The stream reader and decompressor for the ``bzip2`` format is based on the
``bzip2`` library. The same notes and considerations for the ``gzip`` stream
reader also apply to this one as well.

As a historical note, it is worth mentioning that the logic for reading from a
``bzip2``-compressed file stream is significantly more complicated than for raw
or ``gzip``-compressed streams because of the way the library API is structured
and the nature of the compression format. Prior to the architecture being
described, data pumps and reads parsers were tightly coupled and implementing a
``bzip2`` data pump in that architecture would have been very painful. As it
turns out, the current architecture preemptively fixed a bug in the old
``gzip`` data pump before it was reported against that architecture. So, this
decoupled design has already paid for itself several times over.

Thread Identity Maps
--------------------

Higher level processing requires that threads be able to persistently work with
the same set of data. A thread does not inherently "know" what its index into a
particular lookup table is. However, this index can be mapped to an OS-native 
identifier for a thread. Using an appropriate system call, a thread can query
its own native identifier from the operating system and then use this as a map
key to find its logical identifier within the software. This logical identifier
serves as the thread's index into any lookup tables which it may need to use.

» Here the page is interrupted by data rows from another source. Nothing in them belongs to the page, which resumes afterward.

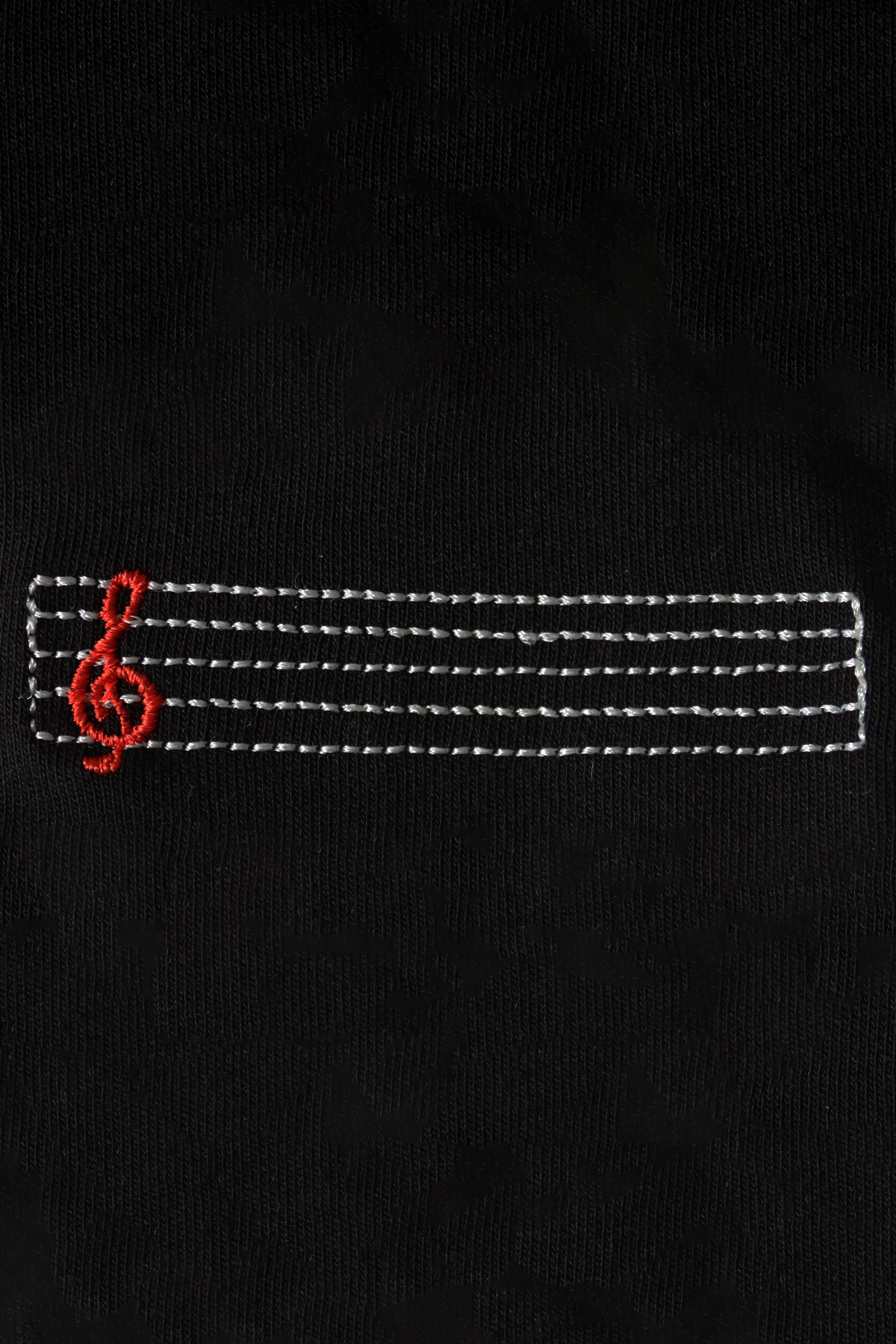 Porte Desenli Nakış Müzik Siyah T-Shirt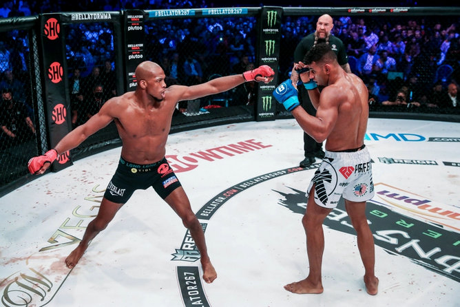 当地时间10月1日,Bellator 267期比赛在英国首都伦敦举行。当天的头条主赛是前Bellator次中量级冠军道格拉斯·利马(Douglas Lima)对阵本土名将“毒液”迈克尔·佩奇(Michael Page)的二番战,双方打满三回合最终佩奇以微弱点数分歧判定险胜。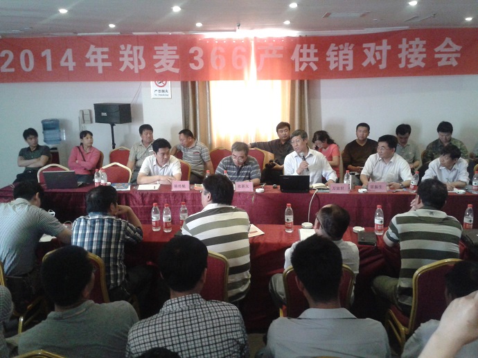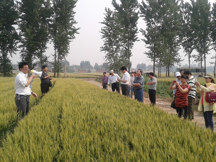 5月19日,我院在安阳县组织召开“优质强筋小麦新品种郑麦366产供销对接“现场观摩会,张新友副院长出席会议并讲话,国家农业部种植业司粮油处处长万富世应邀参会,我院有关单位,安阳市农科院、市粮食局等单位负责同志和专家,中粮河南分公司、中储粮河南分公司和新良集团等20余家省内粮食及面粉企业的采购部负责人,安阳县广源农业种植专业合作社及当地种植户代表等共计60余人参加了会议。会议由我院小麦所副所长雷振生研究员主持。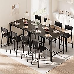 - This stylish dining table set for 4 features a spacious, durable wood-grain table with metal corner protectors and 4 comfy PU leather stools with ergonomic backrests and footrests. Its sturdy steel H-frame ensures stability, while the compact design saves space—easy to assemble and perfect for any modern home.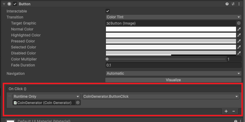 最後に、コインのオブジェクトが画面外に行った際に、コインオブジェクトに紐づけたスクリプト(CoinController)で、オブジェクトをプールに戻す処理を記述しておきます。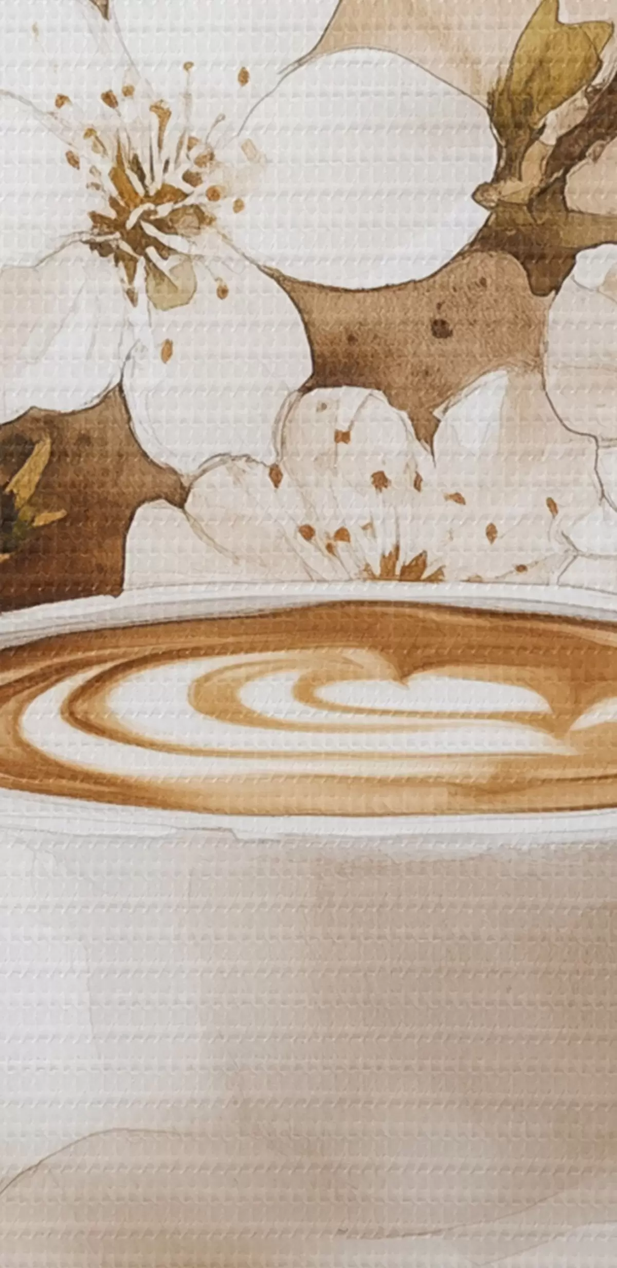 murales de pared Macarrones, taza de café, estilo acuarela, colores beige, flores de jazmín s41965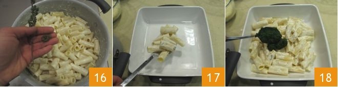then add the thyme leaves 16. Now you are ready to assemble the pasta bake: take a square 8.6" tray and start by adding a first layer of rigatoni 17, a grating of black pepper, then cover the surface with the spinach cream 18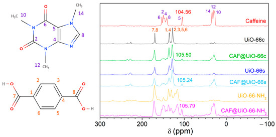 The 13C CP MAS NMR spectra (Figure 7) were achieved for pure caffeine, both UiO-66, UiO-66-NH2, and the caffeine encapsulated samples (CAF@UiO-66c, CAF@UiO-66s and CAF@UiO-66-NH2). The observed chemical shifts (in ppm) for caffeine correspond to 27.8 (C10), 29.61 (C12), 33.82 (C14), 104.56 (C5), 141.40 (C8), 146.55 (C4), 149.65 (C2), and 153.01 (C6) [62]. The NMR spectra of UiO-66 contain three peaks located at isotropic chemical shifts of 127.52 ppm (C2, C3, C5, C6), 135.53 ppm (C1, C4), and 169.78 ppm (C7, C8). The peak at the high chemical shift corresponds to carbon atoms from a carboxylic group. The peak at 127.52 ppm is assigned to carbon atoms bonded to a proton. The peak at 135.53 ppm corresponds to quaternary aromatic carbon atoms [63]. Peaks corresponding to pure caffeine are clearly seen in the encapsulated samples, in C5 105.50, 105.24, and 105.79 ppm for CAF@UiO-66c, CAF@UiO-66s, and CAF@UiO-66-NH2, respectively, with a slight change in chemical shift as compared with the caffeine spectra (104.56 ppm), suggesting the encapsulation of the additive. The intensity of these peaks is lower for encapsulated samples. In addition, the peaks of UiO-66 were observed in the ball mill samples, indicating the preservation of the UiO-66 structure.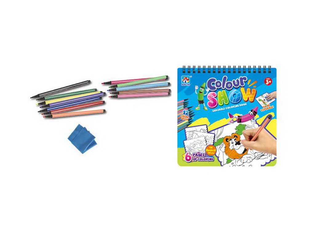 Omalovánky, stíratelné, 6 obrázků. Rozměry 17x17 cm. Balení obsahuje 12 fixů a hadřík.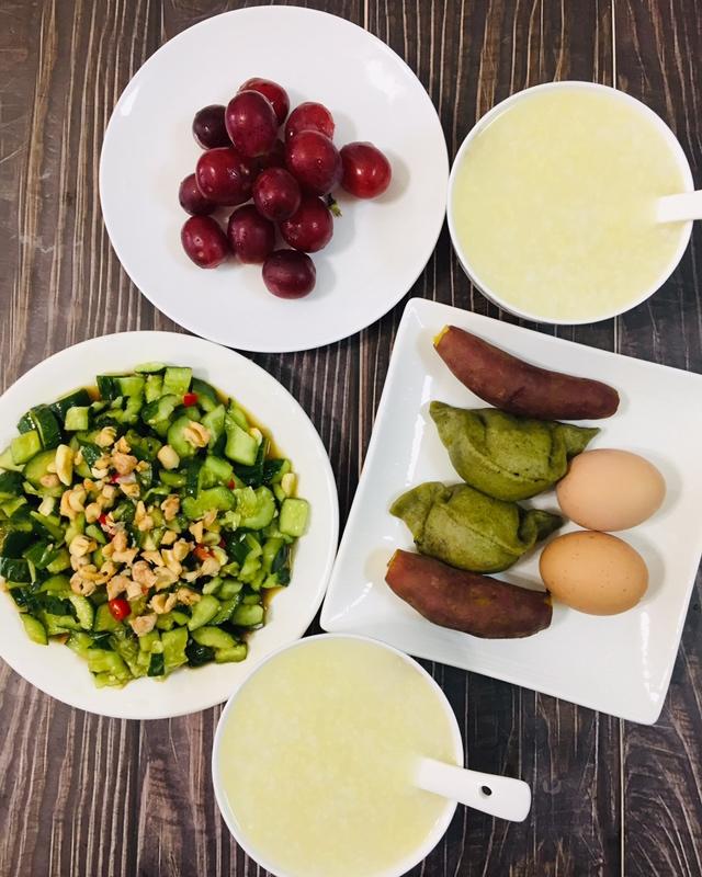 今日早餐:小米粥、清明粿、小香薯、鸡蛋、拍黄瓜、提子。女儿考试结束休整两天半。老公出差了,和...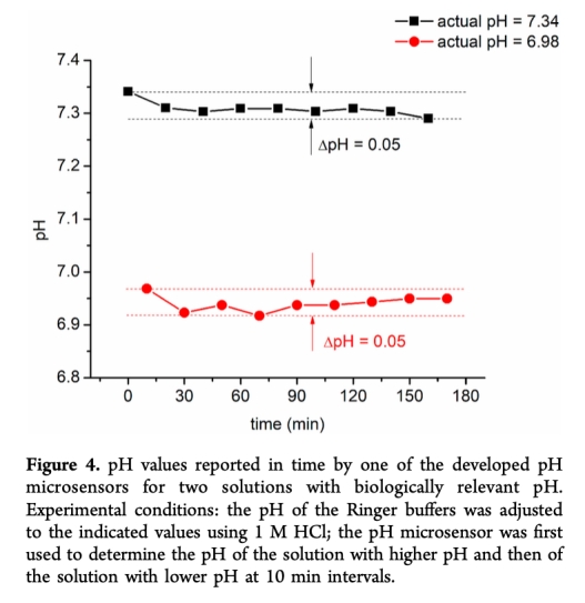 3. pH微傳感器的穩(wěn)定性數(shù)據(jù):在3小時(shí)內(nèi)pH漂移約0.05單位,表明傳感器適合長時(shí)間實(shí)驗(yàn)。這些數(shù)據(jù)來自圖4,顯示了pH隨時(shí)間的變化。研究意義:證明傳感器在細(xì)胞測量中穩(wěn)定,能夠捕捉細(xì)微pH變化而不受漂移影響。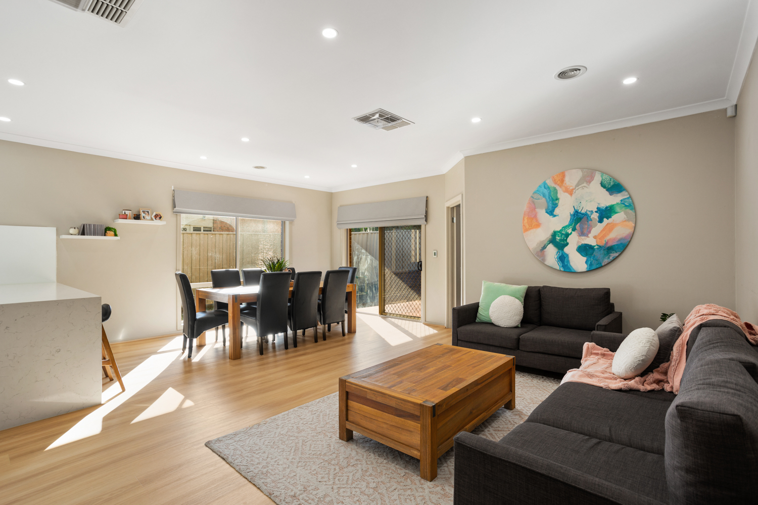 Outside is an alfresco dining area that makes entertaining with friends and family a breeze. The rear garden has been made over with a focus on balancing low maintenance with the practicalities of children and pets.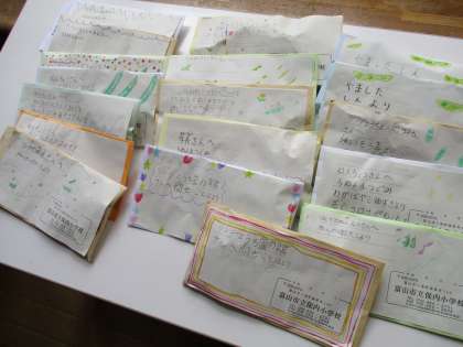今日取った枝豆を大事に封筒に入れた子供たちの代わりに担任が責任をもって届けました。3年生の気持ちが届きますように。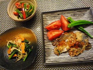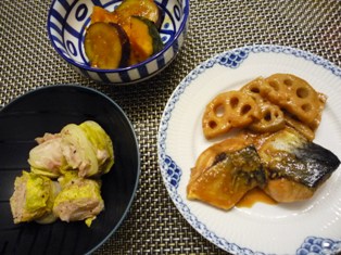 サバの味噌煮(もてなし上手より)白菜と豚バラ肉のロール(栗原はるみさんレシピより)かぼちゃとさつま芋のピリ辛煮(つくりおきおかずで朝つめるだけ!弁当より) * * * * * * * * * * * * *なんだか季節外れの献立です・・・^^;真さばが安かったので、今日は迷わずサバ味噌にしました♪うちは長年栗原はるみさんのレシピで作っています。味が濃すぎず、ちょうどいい味加減れんこんを添えるのも気に入っています。今日初めて試したかぼちゃとさつま芋の煮物ですが、ほんの少し豆板醤が入ることで、甘ったるくなりがちなイモ系の煮物の味がピリッと引き締まり、男性陣にも好評の味になりましたゆかり豚(てんきち母ちゃんちの朝15分でお弁当より)ピーマンとじゃがいものきんぴら(つくりおきおかずで朝つめるだけ!弁当より)大根と帆立のサラダ * * * * * * * * * * * * *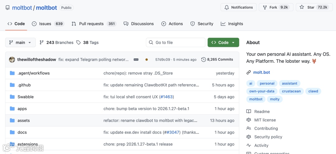 Moltbot GitHub Star数已达72.2k,是当前最热门的开源AI智能体之一,被称作“开源版贾维斯”。
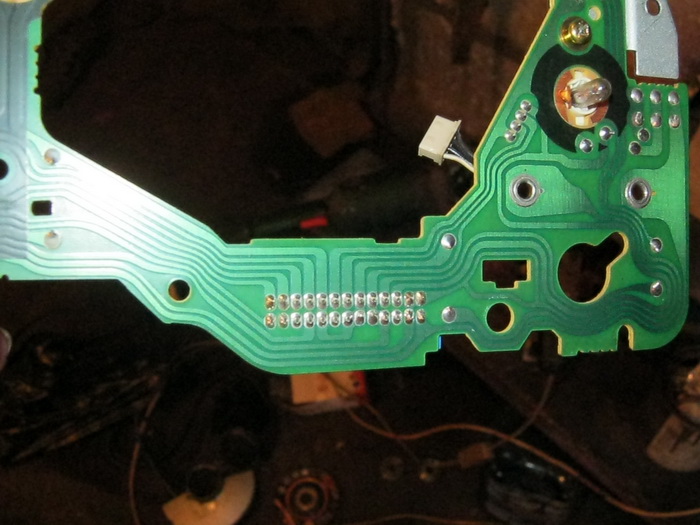 Ну а теперь о главном: подавляющее большинство проблем со щитком рассматриваемых автомобилей, связаны с "распайкой" контактов разъема щитка (см.стрелки). В большинстве случаев, траблы с негорящими индикаторами, прыгающими стрелками лечится простой перепайкой контактов, то есть, э-э-э, достаточно просто по-новому пробежаться паяльником по пайкам.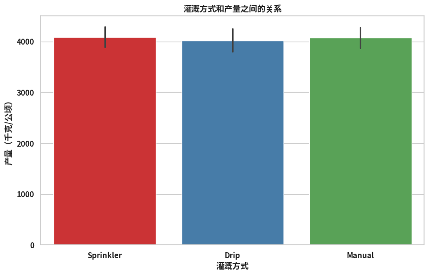 柱状图显示不同灌溉方式的平均产量差异显著,滴灌模式下产量均值最高;箱线图则揭示施肥类型对产量稳定性的影响,有机肥组的产量波动范围最小。

The self-identification is also important on the grounds of a software
engineering principle: don't break existing interfaces. Prior to the current
architecture, the code was not thread-safe. In order to add thread-safety in a
reliable manner and not break existing interfaces, self-identification of
threads was necessary.

The thread identity map class is declared in the :file:`lib/thread_id_map.hh`
file.

.. cpp:class:: ThreadIDMap

This class is not exposed via the Python wrapper as it is an internal
mechanism. And, the implementation of the class varies according to operating 
system. The only important method for those who wish to avail themselves to
this bookkeeping method is the one which returns the logical identifier (lookup
table index) of the current thread.

.. cpp:function:: uint32_t const ThreadIDMap::get_thread_id( )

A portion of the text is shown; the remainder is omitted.